Extract specific cells from students' notebooks

I did release a jupyter notebook for my students where they need to fill some of the fields with their answers. I am using also Nbgrader in order to automatically grade their answers.

What I would like to do, is to export specific cells for each student and run a plagiarism test using Urkund app. However, I am not sure, whether it is possible to extract for instance the same cell for each student notebook submission.

Is there a way to achieve this?

Well, it might be the easiest if you just parse the JSON content of the Jupyter Notebook file yourself with a programming language of your choice.

Hey, sounds cool, but is there a library that I can do that? For instance, how can I export the json file from the .ipynb file?

The JSON content and the .ipynb file are one in the same. It just differs how you access them. If you open it as a notebook in Jupyter or if you open the file for the notebook in a text editor or via reading in a file stream in Python, etc… The latter two specific examples would let you see the JSON directly.
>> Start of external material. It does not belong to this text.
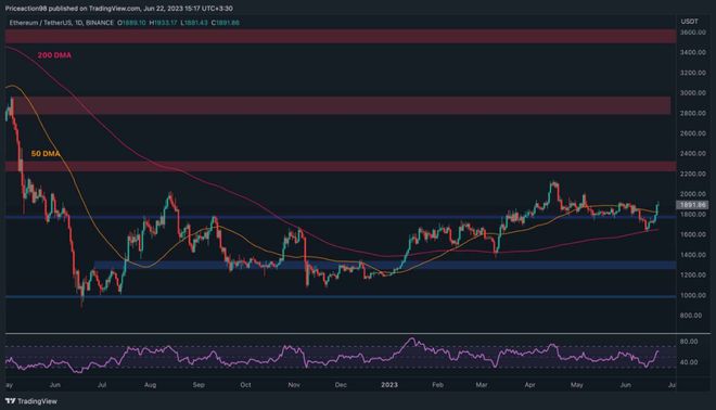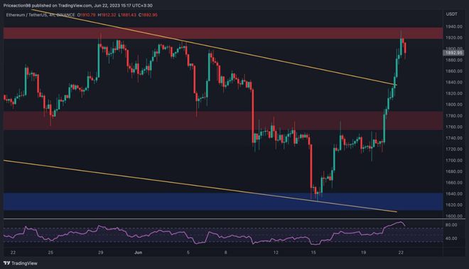 在此支撑之后,以太坊经历了反弹,成功突破了 1750 美元的水平和楔形形态的上限。下降楔形的看涨突破通常被视为积极信号。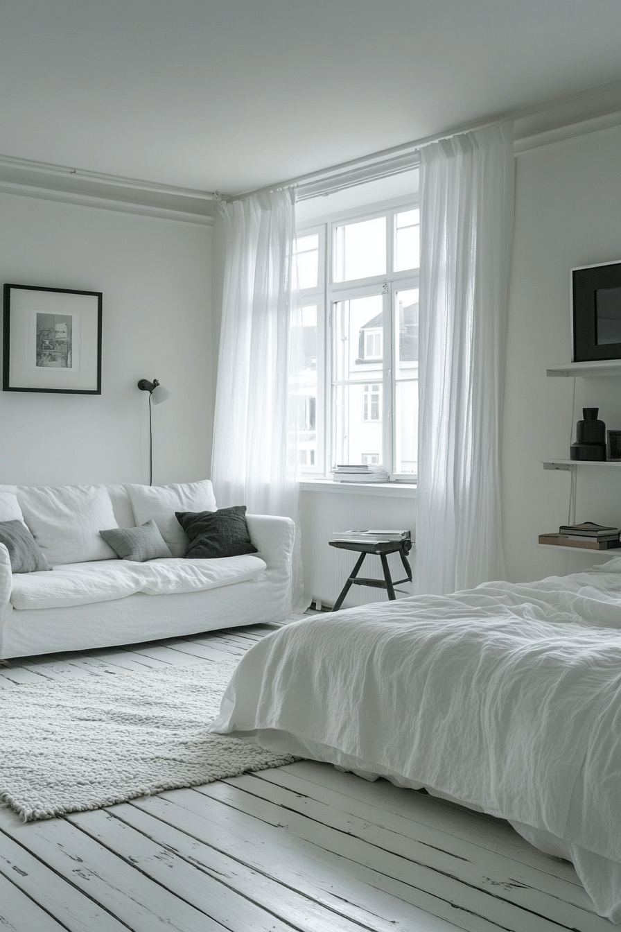 Scandinavian style keeps things light, functional, and welcoming. Natural wood details and simple shapes make the room both pretty and practical. Soft accents add comfort without overwhelming. Sheer curtains let the light flood in.

I would actually suggest using one level up from the JSON by using nbformat to access the noetebook elements and then cell content you want. It already handles parsing notebooks. nbformat let’s you access the cell contents as strings and so you don’t have to worry about the encoding that may be in the JSON code. Search in this forum for ‘nbformat’ for a number of examples of using it I’ve linked to in this forum. In particular, this rather complex-looking example links to some of my uses of it.

Your implementation would just include the reading part (see mainly first few lines here and then you’d then be able to parse the cells in a number of ways to extract the particular ones and the content you want.

Alternatively, you could use Jupytext to convert the .ipynb file to a Python script that would then allow you access the content you want if you further parsed the .py file using Python to read it in as you would a text file.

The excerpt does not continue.